🤖 AI Summary
This work addresses the robustness and scalability challenges in content moderation of synthetic versus natural images. We propose the first dedicated multimodal moderation model for synthetic imagery, built upon the Gemma-3 (4B-parameter) architecture as a vision-language joint model. Our method introduces an adversarial data generation pipeline enabling controllable, diverse, and semantically consistent synthesis of harmful images; integrates strategy-driven fine-tuning, adversarial sample augmentation, and multi-source harm classification via joint training; and achieves fine-grained detection across three critical harm categories: pornography, violence/gore, and hazardous content. Evaluated on both internal and external benchmarks, our model surpasses state-of-the-art baselines—including LLaVAGuard, GPT-4o mini, and the base Gemma-3—establishing new SOTA performance in synthetic image moderation.
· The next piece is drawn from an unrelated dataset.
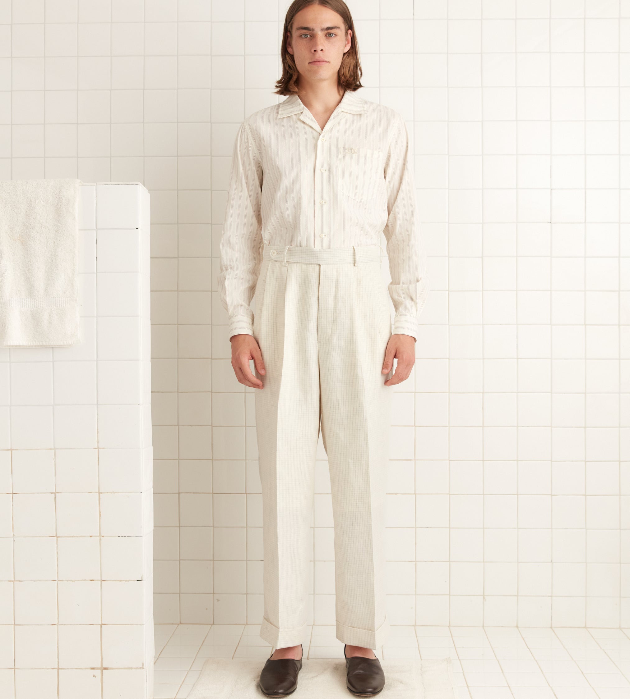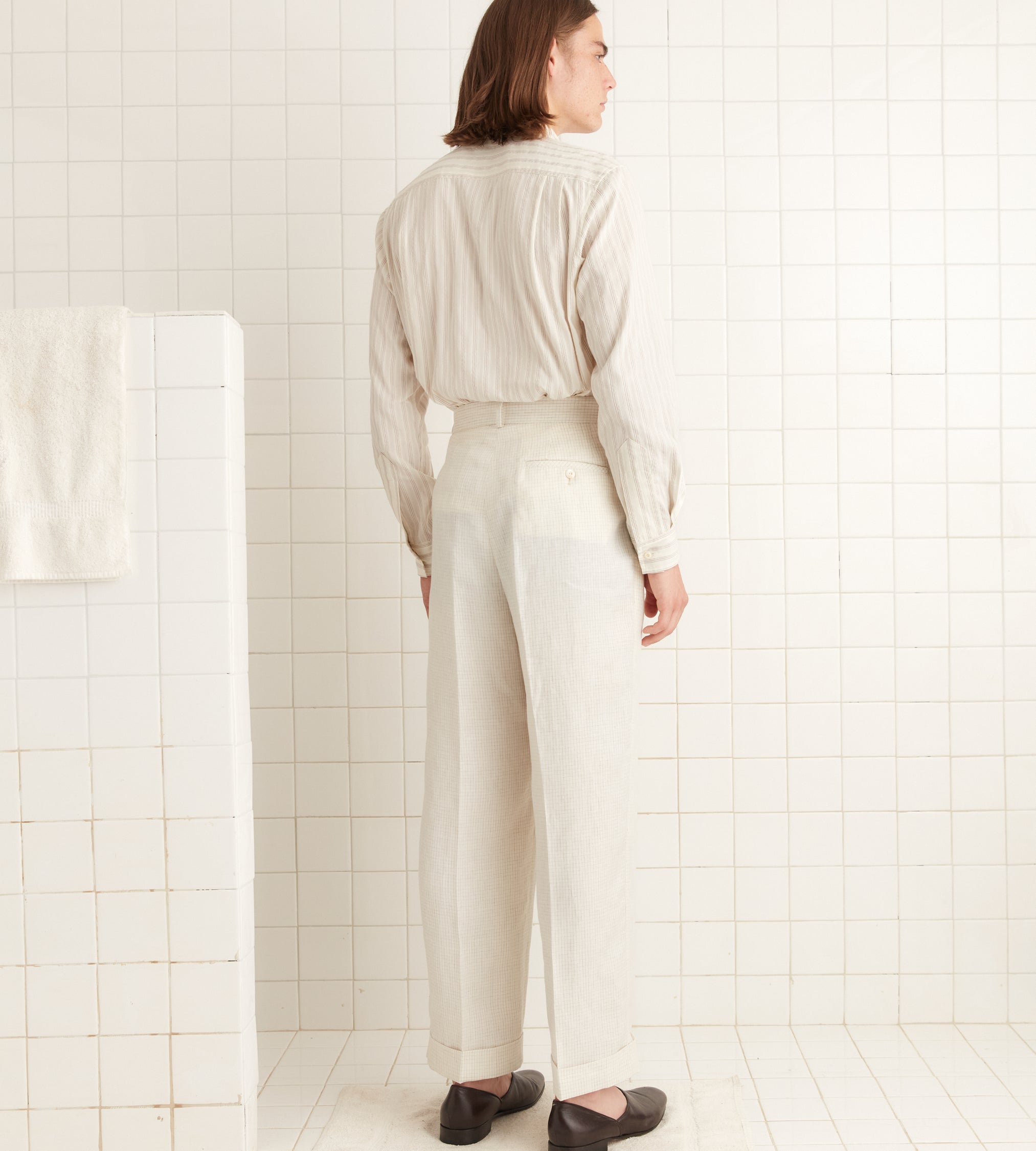 These trousers are inspired by men’s suiting trousers from the 1950s-1960s. We reproduced the mid-rise and wide-leg silhouette in an ivory and taupe graph check.
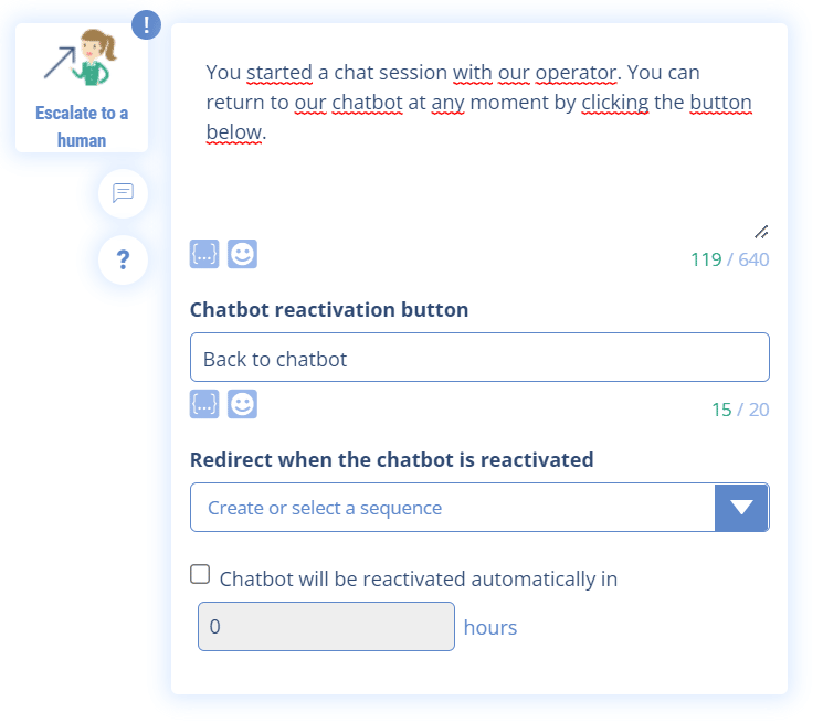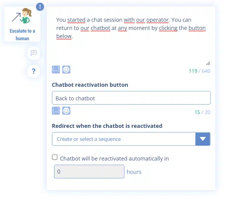 Native escalation module integrated in your Chatbot

Notably, we release the first open-source, synthetic-image-specific moderation model, advancing practical multilingual and multimodal AI safety governance.
📝 Abstract
We introduce ShieldGemma 2, a 4B parameter image content moderation model built on Gemma 3. This model provides robust safety risk predictions across the following key harm categories: Sexually Explicit, Violence &Gore, and Dangerous Content for synthetic images (e.g. output of any image generation model) and natural images (e.g. any image input to a Vision-Language Model). We evaluated on both internal and external benchmarks to demonstrate state-of-the-art performance compared to LlavaGuard citep{helff2024llavaguard}, GPT-4o mini citep{hurst2024gpt}, and the base Gemma 3 model citep{gemma_2025} based on our policies. Additionally, we present a novel adversarial data generation pipeline which enables a controlled, diverse, and robust image generation. ShieldGemma 2 provides an open image moderation tool to advance multimodal safety and responsible AI development.